Federführend war dabei die Senatsverwaltung für Gesundheit, in deren Haushaltsplan das Projekt fällt. Gemeinsam mit den Senatsverwaltungen für Inneres und für Justiz wurde ein juristisches Übereinkommen getroffen, welches sicherstellt, dass sich niemand beim Drug-Checking strafbar macht. Umgesetzt werden die Tests von drei Trägern: Die Fixpunkt gGmbH wird das Angebot mit vista gGmbH und der Schwulenberatung gGmbH umsetzen.

Kritische Stimmen aus der Opposition

Während die Koalition die Maßnahme befürwortet, kommen aus der Opposition kritische Stimmen. Die FDP etwa mahnt in einem Statement gegenüber der Clubcommission, Drug-Checking könne zwar zur Risikominimierung beitragen, dürfe aber kein Freibrief sein, „um den Konsum von Drogen zu bagatellisieren”.

Die CDU hatte sich bereits von Beginn an gegen das Projekt ausgesprochen. „Drug-Checking anzubieten, weil man die Kriminalität dahinter nicht unter Kontrolle bekommt, ist ein falscher und gefährlicher Ansatz“, hatte der CDU-Gesundheitsexperte Tim-Christopher Zeelen bereits 2019 kritisiert – man böte schließlich auch keinen Sicherheitscheck für Fluchtfahrzeuge von Bankräubern an, damit sie sich auf der Flucht nicht weh tun, sagte der Abgeordnete. 

Drogenkonsumraum von Fixpunkt. Der Verein ist einer der Träger des Drug-Checking-Projektes.
Drogenkonsumraum von Fixpunkt. Der Verein ist einer der Träger des Drug-Checking-Projektes.

© Foto: Kai-Uwe Heinrich/TSP

Astrid Leicht, Geschäftsführerin des Vereins Fixpunkt, hält das Angebot hingegen für alternativlos. „Das Drug-Checking wird von anerkannten Drogenhilfe-Trägern durchgeführt und ist mit sachlicher Aufklärung und individuellen Beratungsangeboten verbunden. Dabei wird darauf geachtet, dass die Mitteilung von Ergebnissen der Drogentests kein falsches Sicherheitsgefühl erzeugt”, erklärt sie dem Tagesspiegel. Drug-Checking sei eine von vielen Maßnahmen, die zu einem besseren Gesundheitsschutz beim Drogengebrauch beitragen.

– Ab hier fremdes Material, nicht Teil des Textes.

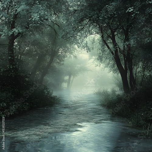 © Design Nest, Obraz premium Misty forest path with water flowing through the trees creating a serene and ethereal landscape view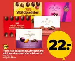 | Toms mini skildpadder, Anthon Berg mini marcipanbrød eller mini tærter 95 - 200 g | Netto | 22,00 kr. | 21 februar 2026 | 28 februar 2026 | |||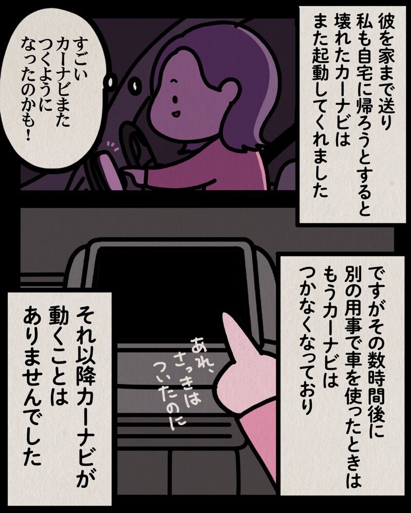 急に連絡が途絶えた遠距離恋愛中の彼氏。胸騒ぎがして車で彼氏の家に向かっていると、突然壊れていたカーナビが動き出して…【漫画家インタビュー】 15枚目/全185枚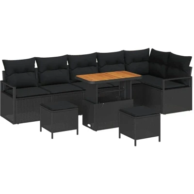 vidaXL Garden Sofa Set with Cushion Storage 9 pcs Black

Getestet werden die Substanzen im Landesinstitut für gerichtliche und soziale Medizin (GerMed). Bis die Ergebnisse nach Einreichen der Probe da sind, vergehen Leicht zufolge etwa drei Tage. Wer Drogen konsumieren möchte, sollte dies also mit Vorlauf planen. Das Projekt soll jedoch weiter ausgebaut werden, berichtet Vasili Franco. So sind langfristig auch mobile Teststationen, etwa vor Clubs, denkbar.

Ein Risiko, dass man mit solchen Maßnahmen zum Drogenkonsum ermutigen könnte, sieht Franco nicht: “Beispiele aus anderen Ländern zeigen, dass der Weg Erfolg hat. Wenn man sich an der Wissenschaft orientiert, gibt es nur Gründe, die dafür sprechen.”